Thursday, June 24, 2004

Poll finds fliers encounter fewer airport delays
Pacific Business News


Most airports are still asking fliers to arrive two hours before
departure times, but most respondents to a Travelocity poll say airports
have got their security act together and can handle it if you get there
just one hour early. 
  
Thousands took part in the survey, which aimed to collective passenger
experiences from the Memorial Day holiday as a possible bellwether of
Fourth of July travel. Fully 88 percent recommended arriving 60 minutes
or less before departure, a practice most airports do not endorse. 
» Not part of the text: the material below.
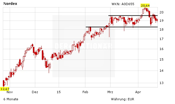 Die jüngste Korrekturbewegung an den Märkten machte einem nachhaltigen charttechnischen Ausbruch der Nordex-Aktie vorerst einen Strich durch die Rechnung. Statt weiter Kurs Richtung 22,50 Euro aufzunehmen, legte Nordex vorerst den Rückwärtsgang ein. Die Ausbruchslinie bei 19,62 Euro hat ebenso wenig als Unterstützung gehalten, wie auch der kurzfristige Aufwärtstrend bei 19,28 Euro. Derzeit notiert die Nordex-Aktie bei 19,06 Euro. Anleger lassen sich von dem aktuellen Rücksetzer aber nicht aus der Ruhe bringen, sondern nutzen die Kurse, um die bestehende Position auszubauen! Unterstützungen liegen jetzt bei 18,20 (Hoch aus dem Monat März 2015) sowie bei 16,50 Euro (Hoch: Dezember 2014). Für beide Marken werden Abstauberlimits am Markt platziert.

Honolulu did not make either the top five or bottom five of airport
waits. Sacramento ranked best in the nation based on the highest
percentage of respondents who waited 15 minutes or less; no other city
feeding traffic to Hawaii made the top five. But the bottom five, with
the highest percentage reporting waits of 30 minutes, included Miami,
Atlanta, Denver, Phoenix and Washington Dulles. 

Denver is United's second busiest hub and the origin point for many of
its flights to Hawaii. Hawaiian Airlines flies between Hawaii and
Phoenix. Delta has resumed Hawaii nonstops from Atlanta. And a lot of
Hawaii-bound United passengers start their vacation journeys at Dulles. 

Travelocity did the same kind of breakdown for waits at check-in
counters. Sacramento also made the top five there, second to Milwaukee,
and so did Portland and Seattle. Hawaiian flies to Portland while SeaTac
is served from Hawaii by Hawaiian, Northwest and ATA. Of the five
airports with the worst check-in waits, the only airport with flights
leaving for Hawaii was Atlanta. 

Flight delays were also checked. The best five airports were San Diego
(served by Hawaiian Airlines), Milwaukee, SeaTac, Ft. Lauderdale and
Tampa/St. Petersburg, while the worse were Atlanta, Chicago O'Hare,
Newark, Dallas/Ft. Worth and New York LaGuardia. O'Hare is United's
headquarters hub and a common transfer point for Hawaii vacationers
starting farther east. Both United and American fly nonstop to Hawaii
from there. Continental Airlines flies nonstop to Hawaii from Newark,
while American originates Hawaii flights from DFW.